Why I Hate Apple.

The iPod - \"lifestyle accessory\"
I have already mentioned before what I love about Apple – their hardware design is phenomenal.

Now I would like to point out what I truly loathe about Apple.

I usually call it “look-it-has-wheels” syndrome.
This comes from my allegory that Apple acts like a car company advertising things like “Our cars have wheels!”.
The stereotypical computer-inept Mac disciple, will then misunderstand this and think that everyone elses cars have no wheels. Or that they do, but that Apple Cars innovated The Wheel.
Fortunately, the unix based Mac OS X have attracted a good deal of real computer nerds, diluting the stupid-pool a bit, but there are still more of them than I would care for (I would care for none at all). This is one of the reasons why I took the plunge and bought a PowerBook.

As an example, take a look at either the iPod product page, or even worse: the
product page for ipod shuffle in danish.

They spend 20 lines on their fucking shuffle function! 20 lines with utter crap like this (actual quotes from iPod product page):

Right there on the main menu — where it’s very easy to find — you’ll spot the Shuffle Songs option.

Come on! Other people have it as a hardware button, which is more user friendly.

You’ll never guess what’s coming up next, so you’re always surprised by startling juxtapositions — like a melodic Coldplay song hot on the heels of a Caballé aria.

This makes my blood boil. I want to hurt their marketing department with high voltage electric devices so very, very much.

The worst thing is this: The iPod has some really cool features like being able to control the playback speed of audiobooks or play guessing games with your music. Those are actual unique selling points. They have those with all their products, because they really do innovate cool things.
I hate that they make products worthy of praise, and then choose to alienate halfway intelligent people by trying to convince them that some completely standard feature is some kind of fantastic Apple Lifestyle Revolution that they are now starting.

They make it really, really difficult for me to like them. It’s a testament to their engineering and design departments that they can make products so cool that I actually face the gagging and retching feeling their marketing gives me.
They probably call their marketing department their lifestyle department or some similar unforgivably stupid name, and their whole “lifestyle” approach to marketing is what I have such a hard time coping with – they make it very difficult for me to buy their superior design and hardware without being affiliated with their inane lifestyle crap. Identified by others as an Apple Lifestyler. Which to me is like identifying me with someone with vastly inferior mental facilities.
The iPod is not a lifestyle accessory, it’s a fucking music player! It plays music and looks nice! It doesn’t change you to a hip urbanite. It doesn’t make you sexy. If you were a fat pimply loser before you bought the iPod, guess what? You are still a fat pimply loser, except now you are a fat pimply loser with an iPod.

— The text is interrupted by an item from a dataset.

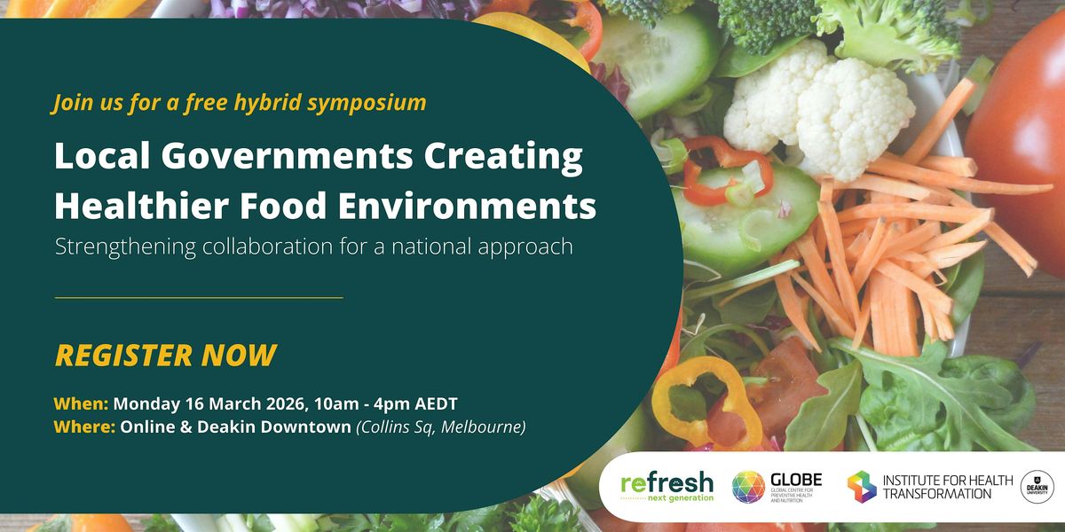 This free event is proudly brought to you by the Centre of Research Excellence in Food Retail Environments for Health in partnership with the (GLOBE) and the (IHT) at Deakin University.

The problem sounds like it should be a trivial one, since everyone tries to make products that supposedly are things that have to do with lifestyle, rather than just being what they are. But Apple has managed to create a huge bunch of people that buy into their bullshit, and I am pissed off that people think I am like them, just because I own a PowerBook or an iPod.
Hype usually doesn’t work like that; When Sony’s hype says that their next console will be a million, zillion times faster than the fastest computer, and it will enable it’s user to fly to the moon, owning one does not subsequently give people the impression that you own it because you were dumb enough to believe that bullshit. They know you probably bought it because it was a good gaming console, even if it doesn’t take you to the moon.
Their opinion will be something along the lines of “yeah, we all knew it was bullshit, but the hardware is still nice”.
With Mac, people might either see how furiously stupid Apples hype is and think I am dumb enough to fall for it, or they might be dumb enough to fall for it themselves and think I am like them. I don’t know which worries me more.

The bad thing about this is, that I am not alone. I know several people who would like a PowerBook but who are so repulsed by the signal of “Apple Lifestyle Acceptance” that it sends, that they would probably paint it matte black and call it a thinkpad if they finally caved.

Maybe someone should just make a sticker that says “but I run linux on it” that would fit on Apple PowerBooks.

Update 2008-05-14: Seeing this blog entry again, I realize how much Apple products have spread into the “regular” population – pretty much everyone I know wants an apple laptop, and “mac user” no longer carries connotations of “zealous idiot”, but rather “college student”.